Technical and Documentation Improvements

  1. Jupyter Notebook Execution: The README.md file links to the wildfire-prediction.ipynb notebook, which displays an error related to the 'os' module and exhibits non-sequential execution (e.g., jumping from In [1] to In [28]). It is critical to restart and run all cells sequentially to ensure reproducibility and coherence for readers. Despite this, the analysis proceeds as expected when run manually via Jupyter Lab.

  2. Reference Documentation: I noticed several references (6 in total) lacking DOIs. Where DOIs are unavailable, including direct links to the references could enhance the report's credibility and utility.

  3. Report Accessibility: Providing the final report in PDF or HTML format, in addition to the Jupyter notebook, would greatly improve accessibility and readability.

  4. Build Commands: The make clean and make all commands did not execute successfully as per the instructions in the README.md. This issue might hinder the reproducibility of the analysis environment.

  5. Code Optimization: There are instances of unused package imports within the code. Streamlining these imports to include only necessary packages would enhance the code's efficiency and readability.

  6. Data Presentation: For the correlation matrix, consider using more descriptive names rather than abbreviations with underscores to improve readability and interpretation.

  7. Visualization Clarity: The correlation_matrix.png is partially cut off. Adjusting the image's dimensions could ensure the entire matrix is visible and interpretable.

  8. Quarto Document Rendering: Manual rendering of the QMD to PDF revealed issues with image display. Ensuring images render correctly in all document formats would greatly enhance the presentation quality.

  9. Navigability: Adding hyperlinks to tables within the Quarto document would improve navigability and reader understanding, especially when referencing specific data.

Errors and Solutions

Encountered errors related to file not found (404: Not Found) for several figures and the report PDF. These errors suggest issues with file paths or rendering processes. Ensuring accurate path references and successful rendering in both HTML and PDF formats would resolve these visibility issues.

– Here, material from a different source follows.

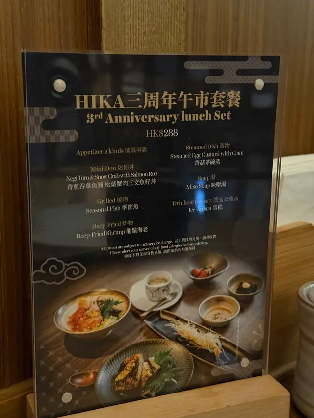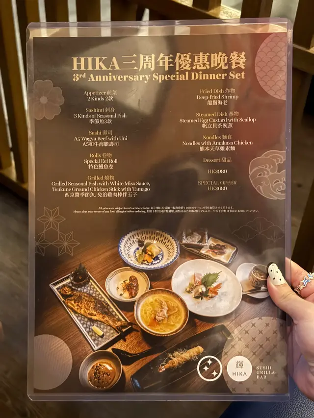 在日本,幫襯得居酒屋的,就要接受店内環境擠迫、座位殘舊、擺滿用過的清酒空瓶、掛滿各類海產的海報,甚至滿場依然不散的燒烤味道,這通通都是日本居酒屋的特徵。在香港的日式居酒屋,我卻找到地方寬敞,適合三兩知己,靜靜地聚聚舊吃點日式美食的地方。這一間位於銅鑼灣渣甸街鬧市 - 輝 Hika,就是一間地方寬落和式裝修的日本食肆了。這天就與女兒來到這裡,靜靜地在這裡商討一下人生大事。一入座見到枱上的餐牌,三週年優惠晚餐有減價就點了兩位。這個餐一共有十度菜式,先到的是桌前小吃,香脆到不得了和有一股獨特的燒烤過的香味之燒鱈魚片,舔上沙律醬去吃更加惹味。前菜二款是來自日本之黑梅貝和螢光魷魚,是新鮮貨色不用置疑。刺身是季節魚三款,全部都是厚切,分別是劍魚腩、拖羅和深海池魚,一啖一口刺身就是滿足感覺。壽司確令人驚喜,是A5和牛海膽壽司,和牛肉經過輕輕炙燒之後,油香即時呈現,海膽是新鮮沒有半點異味,互相配搭之下,來多一件就更好了。卷物是鰻魚特色巻,以pancake 皮包裹著明太子、蛋沙律和鰻魚,以紫菜絲作點綴,煎得香脆的鰻魚,明太子與蛋沙律出奇的配搭,帶出卷物的特色。燒物是西京醬燒厚切鯖魚和免治雞肉棒伴玉子。西京味噌醃過的鲭魚,以慢火燒烤,魚肉保持香滑。而雞肉棒烤得也出色,外層烤得香口内裡免治雞肉没有柴皮,仍然保存嫩滑感覺,配上蛋皇吃來更加幼滑,值得一讚。炸物是龍鬚海老,比天婦羅海老更有特色,以銀絲米粉裹著大虎蝦來炸,又香口又啖啖肉,爽呀。蒸物有帆立貝蟹肉茶碗蒸,是水準之作,茶碗裡的一粒靈魂 - 白果,就能判定這餐廳是正宗一絲不苟一點也不馬虎的做法。麵食是熊本天草雞素麵,天草雞是日本體型最大的地雞,口感煙韌,連雞湯和素麵一起吃,是滋補養生之物。最後甜品選了豆腐雪糕也不錯,給口腔一點甜,給今晚十度美食畫上十全十美的句號。…查看更多
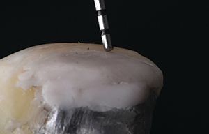 Fig. 3 - Showing the depths of the prepared cavity (entire depth is roughly 3 mm).

  1. Test Data Clarification: An ambiguously named empty.zip was found within the tests directory. Renaming this to something more descriptive, such as test_data.zip, would clarify its purpose.

  2. Testing Documentation: Including specific instructions on how to run the tests would aid in validating the project's reliability and functionality.

Technical Specifications

  1. Dockerfile Versioning: The Dockerfile lacks specific versioning for 'make'. Specifying version numbers could prevent compatibility issues and ensure consistent environment replication.

  2. Environment Management: Similar to the Dockerfile, the environment.yml file would benefit from including specific package versions to ensure consistent, reproducible analysis environments across different setups.

Closing Thoughts

Overall, your project demonstrates a commendable effort in addressing a critical environmental concern. The analysis is well-conceived, and with the suggested improvements, its impact and accessibility could be significantly enhanced. I look forward to seeing the continued development of this important work.

Attribution

This was derived from the JOSE review checklist and the ROpenSci review checklist.